Data Groups - E2E - Basic Cloud Storage

Contact support to gain early access to Data Groups.

Why do this?

Quick way to get going with Data Groups in Encord using cloud data.

If you intend to use Encord at scale, with Data Groups, we strongly recommend using the Encord SDK.

Pros and Cons

Pros	Cons
Simple way to get data into Encord Able to sync your cloud data with Encord easily Data groups available for multi-tile multi-modal functionality	Requires a little bit of technical knowledge to set integrations No data management or curation (custom metadata needs to be imported separately)

Data Groups can include custom metadata, but for the purposes of this end-to-end example none are included.

Import/Register Data

We’re going to register our dataset of videos (portion of Nexar open source dataset) and text files (Events captured for the videos).

Create Integration

Select your cloud provider.

Download Data

Download and extract the contents of nexar-first-100-osds.zip file.

Re-encode Videos

We strongly recommend re-encoding any videos with issues. Re-encoding your videos ensures the best performance when annotating your data.

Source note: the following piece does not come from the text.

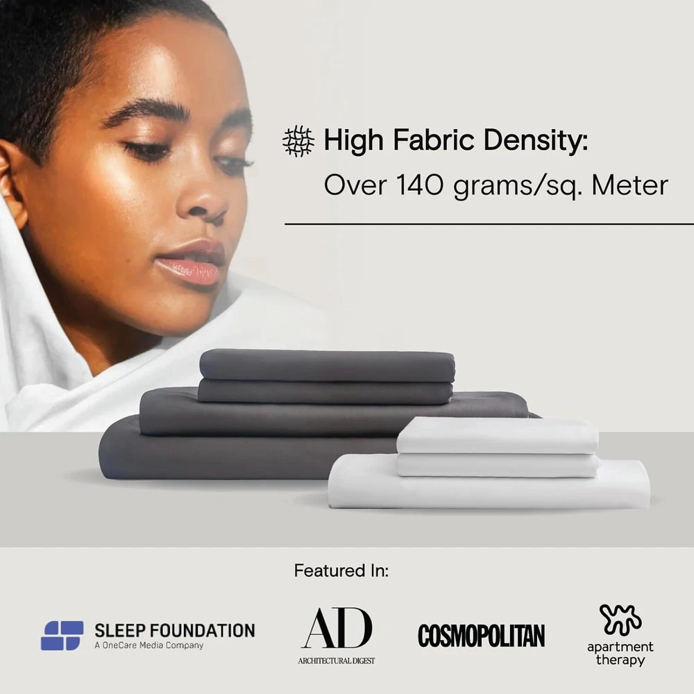 These sheets are a dream! Super soft, breathable, and stay cool all night—perfect for hot sleepers. The deep pockets fit my thick mattress snugly, and the storm gray color looks elegant. Love that they’re eco-friendly and stain-resistant too. Worth every penny!

You can do this locally or in your cloud storage.

For more information on re-encoding videos, go here.

Import Data to Cloud Storage

Import the contents of nexar-first-100-osds.zip into your cloud storage.

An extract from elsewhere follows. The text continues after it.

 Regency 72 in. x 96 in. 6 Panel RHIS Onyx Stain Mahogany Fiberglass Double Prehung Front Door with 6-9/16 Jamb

Create Cloud-synced Folder

Syncing the data registers the data in Encord. Your data stays in your cloud storage.

Go to Index > Files.
Click New folder > Cloud-synced folder. The New Cloud-synced folder dialog appears.
Provide the following:
- Title: E2E - Data Groups - Cloud-synced Folder.
- Description: OPTIONAL - Provide a meaningful description for the Cloud-synced folder.
- Select your integration: Select the integration to use from the drop down.
- Storage path: Specify the storage/file path to your cloud storage. For example: gs://encord-gcp-bucket/CloudSync/ or s3://encord-aws-bucket/CloudSync.
Click Test to verify that Encord can commincate with your cloud storage.
Click Create. The page for the new Cloud-synced folder appears.

Find Storage Path

Finding the Storage path for your folder or object varies across Cloud Storage platforms.AWS Find AWS storage path

GCP

Sync Data Between Encord and Cloud Storage

Go to Index > Files > E2E - Data Groups - Cloud-synced Folder. The Cloud-synced folder page appears.
Click Initiate sync. The sync between the folder and your cloud storage begins.

Create Ontology

Create the following Ontology for the Project. Ontology name: E2E - Ontology - Data Groups Classifications

Prediction correct?
- YES! (Radio button)
- No (Radio button)
  - What's wrong? (Text)
Summary correct?
- YES! (Radio button)
- No (Radio button)
  - What's wrong? (Text)

Create Dataset

Create a Dataset for your Data Groups. Name: E2E - Dataset - Data Groups

Create Project

Once all the videos are re-encoded, and you created an Ontology and Dataset you are ready to create an Annotate Project. Once you create a Project you need to create your Data Groups and then your team will be ready to annotate your data. Name: E2E - Project - Data Groups

Mapping File for Data Units

Creating Data Groups requires mapping your data units to the layout, used during annotation and review. Currently mapping to the layout uses the File ID/UUID of the data unit Encord assigns the data unit. To find the File ID/UUID of your data units use storage_folder.list_items. The following script provides a way to get the file name and ID of your data units. The output saves to a JSON and CSV file.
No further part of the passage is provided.